High inflation will last longer than expected, predicts Bank of England

Bank of England

Inflation is rising faster than expected and will last for longer than anticipated, the Bank of England’s new chief economist has said.

Huw Pill told the Commons Treasury select committee that the recent rise in prices would prove to be temporary but the “magnitude and duration of the transient inflation spike is proving greater than expected”.

The Bank of England has already had to raise its forecasts for inflation several times this year in the face of widespread supply chain problems and staff shortages, which are affecting economies around the world as they emerge from lockdown.

Rising energy costs are compounding the problem, and the Bank now believes that inflation will peak above 4 per cent. It says it will start to fall back towards the 2 per cent target only in the second half of next year.

Pill, 53, a former Goldman Sachs chief economist, took over from Andy Haldane as the Bank’s chief economist last month. He voted to keep rates unchanged at the last monetary policy committee meeting but in his first public remarks since joining he seemed to share his predecessor’s concern about the risk of rampant inflation.

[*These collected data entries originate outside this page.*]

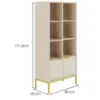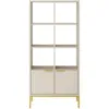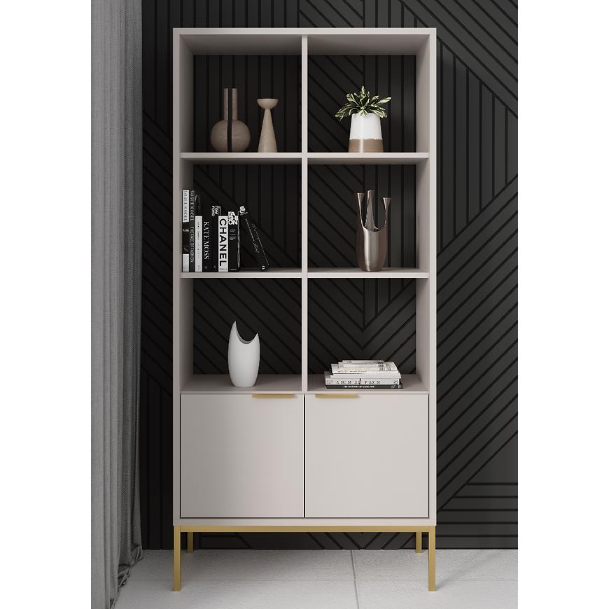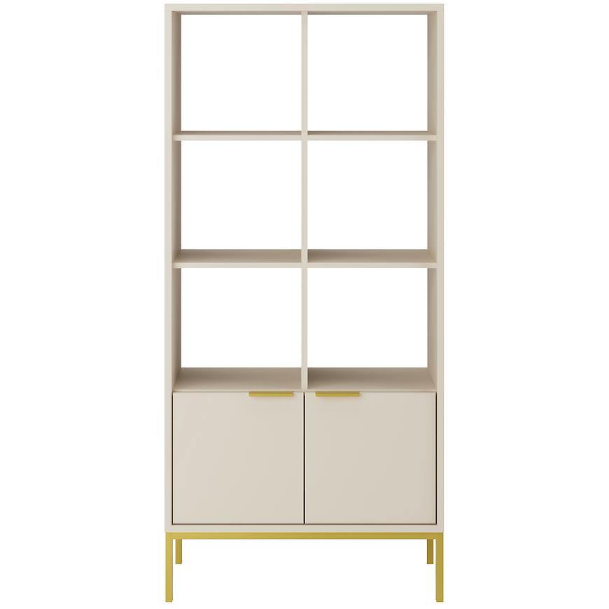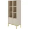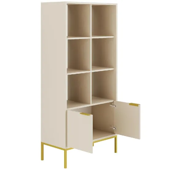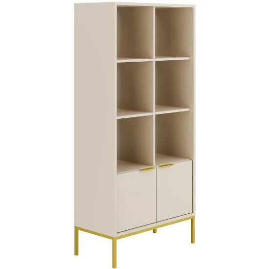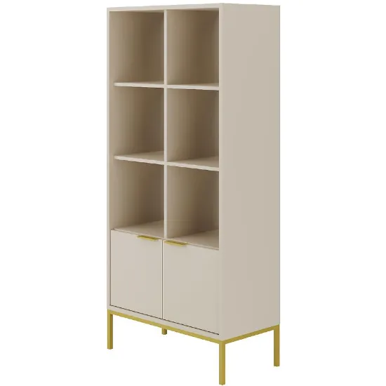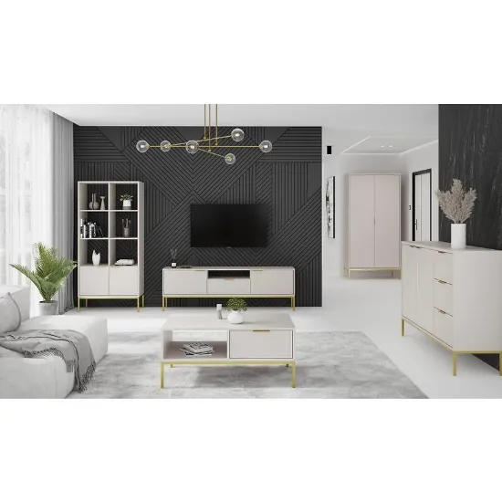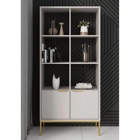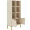 Regał Austin w kolorze Kaszmir/Złoty to stylowy i funkcjonalny mebel, który doskonale wpasuje się w nowoczesne wnętrza. Jego elegancki design łączy minimalistyczne matowe wykończenie z praktycznym układem przestrzeni, oferując zarówno zamknięte, jak i otwarte miejsce do przechowywania. Wykonany z trwałej płyty wiórowej laminowanej, cechuje się odpornością na codzienne użytkowanie, zapewniając długą żywotność i łatwość w utrzymaniu czystości.
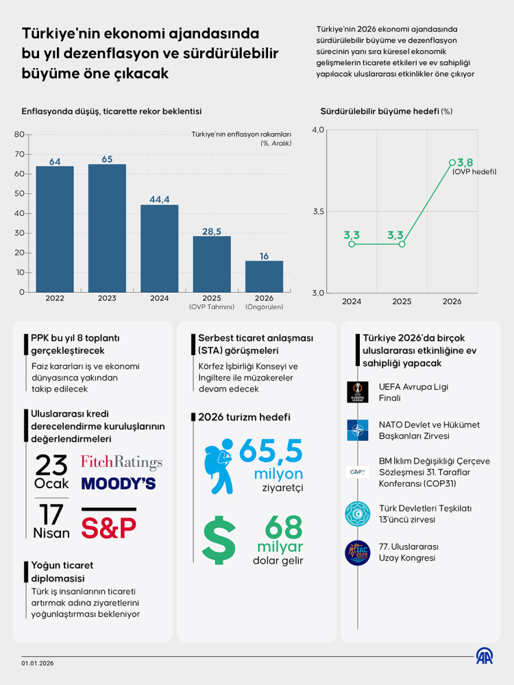 AA muhabirinin derlediği bilgiye göre, Türkiye'nin 2026 ekonomi ajandasında sürdürülebilir büyüme ve dezenflasyon sürecinin yanı sıra küresel ekonomik gelişmelerin ticarete etkileri ve ev sahipliği yapılacak uluslararası etkinlikler öne çıkıyor.
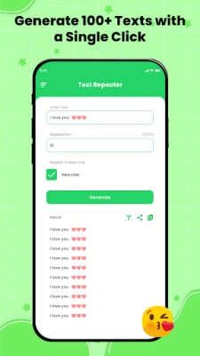 As one of the top tools for repeat text, duplicate text, text generator, repeated messages, and more, Text Repeater - Repeat & Copy is widely loved for its versatility. It's perfect for creating stylish text art, personalizing messages, and crafting standout social media posts. The simple, intuitive design makes it accessible for anyone who wants to generate repeated text efficiently.
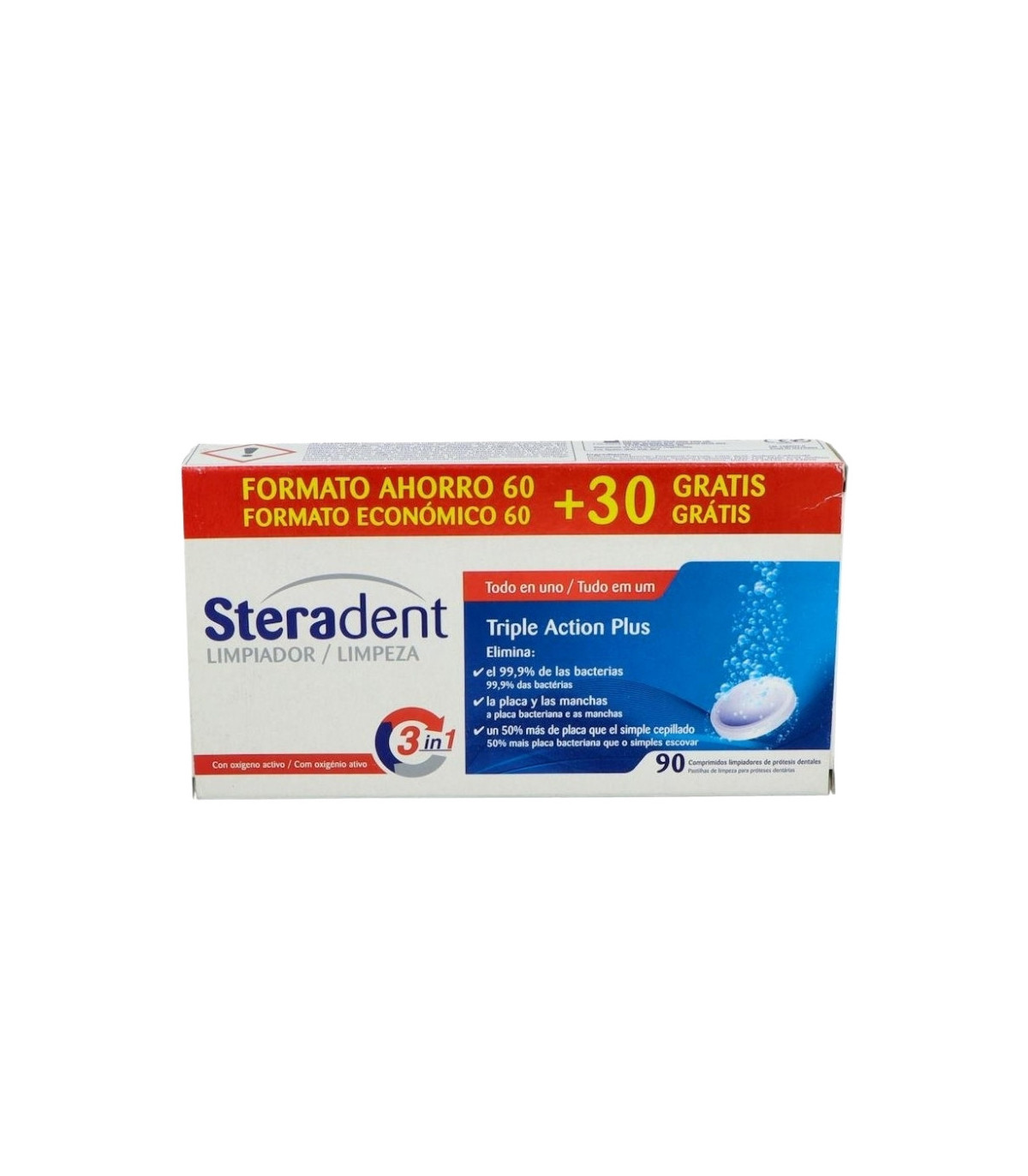 Steradent Pack 3x2 (60 + 30 comprimidos) limpia y desinfecta prótesis dentales, eliminando bacterias, manchas y olores. Eficaz y suave con el material.
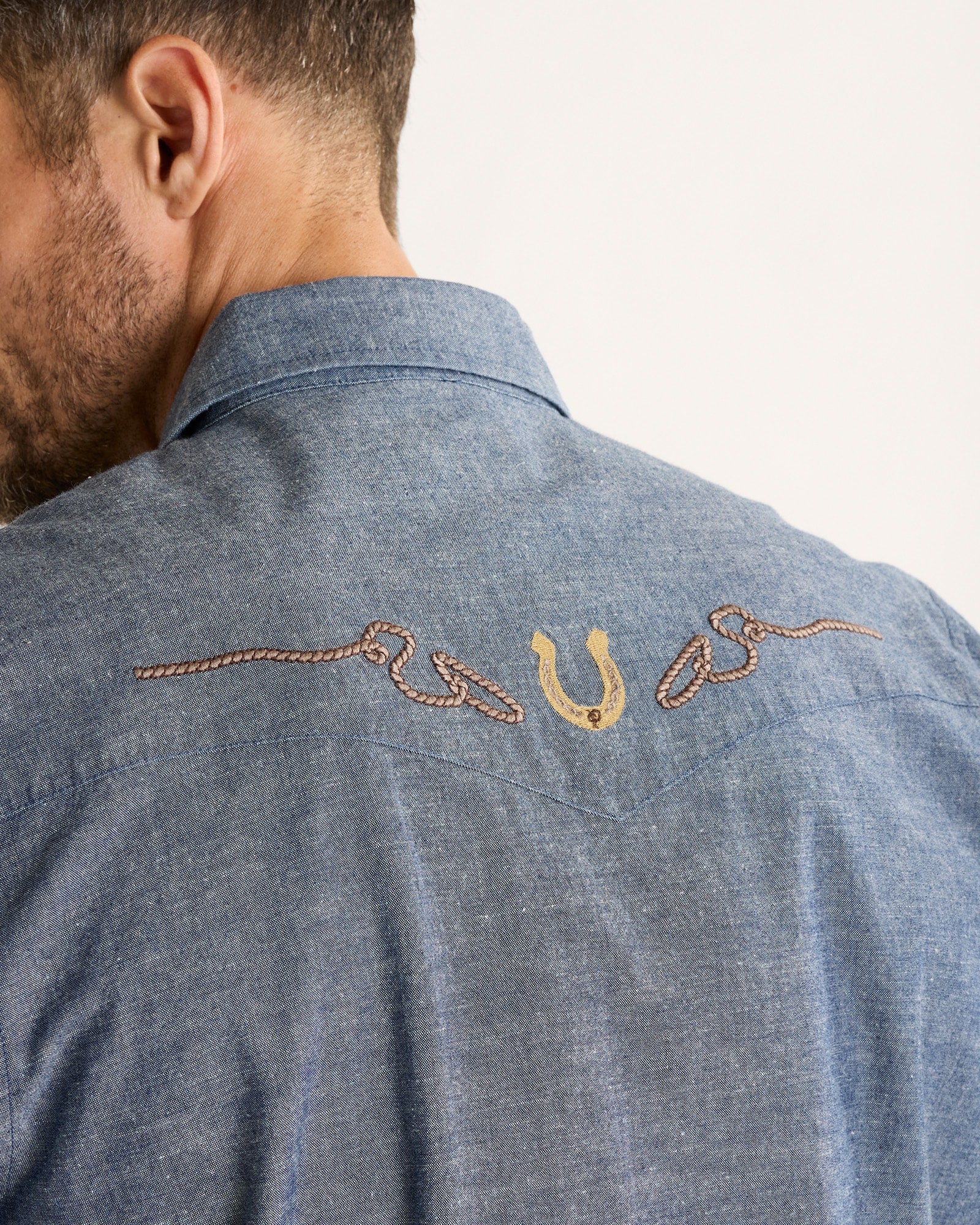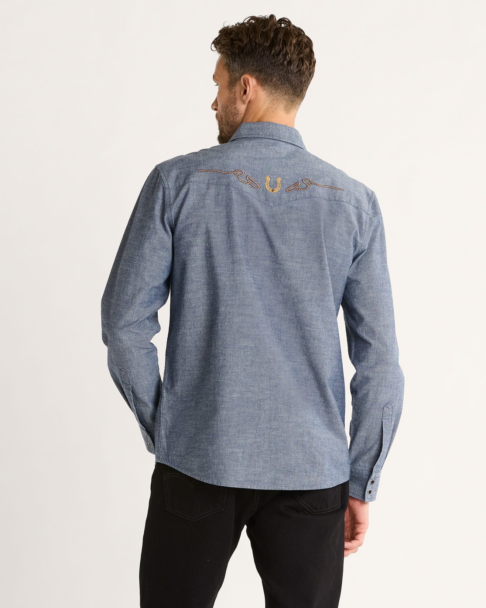 Inspired by Pendleton's archives, this shirt features peaked front and back western yokes with embroidery, angled Gambler pockets with snap flaps, and premium snap closures. Made from 100% cotton soft-washed denim.

“In my view, that balance of risks is currently shifting towards great concerns about the inflation outlook, as the current strength of inflation looks set to prove more long-lasting than originally anticipated,” he said.

Policymakers maintain that the spike will be short-lived and are reluctant to raise interest rates before the economic recovery is assured. However, markets are losing faith in this view and are pricing in a 15-basis-point rate rise from 0.1 per cent to 0.25 per cent by the end of the year. Pill reiterated the Bank’s central view that inflation would eventually come down despite increasing faster than expected.

“Over recent months inflation has surprised to the upside, UK activity data have disappointed somewhat, while the labour market has tightened. This combination has all the hallmarks of an adverse supply shock,” he said in his note to MPs. “As the pandemic recedes and the level and composition of global demand and supply normalise, these inflationary pressures should subside.”

Although interest rates were likely to rise in time, Pill said longer-term structural changes in the global economy meant that the neutral rate of interest — the rate that supports the economy at full employment — would remain low even when the global economy had recovered from the pandemic.

He said: “I do expect interest rates to remain at relatively low levels for the coming years, even as the impact of the Covid-19 pandemic recedes. As macroeconomic circumstances evolve, there may be need to tighten or loosen the stance of monetary policy relative to its current setting. But that adjustment will involve steering Bank rate around a low level of R-star [neutral rate] that is likely to continue for some time.”

There are concerns about how much room for manoeuvre central banks have when rates are already so low. Negative interest rates have increasingly come to the fore and, although the policy has never been tried in the UK, Pill said that negative rates were “both feasible and likely to ease monetary conditions”.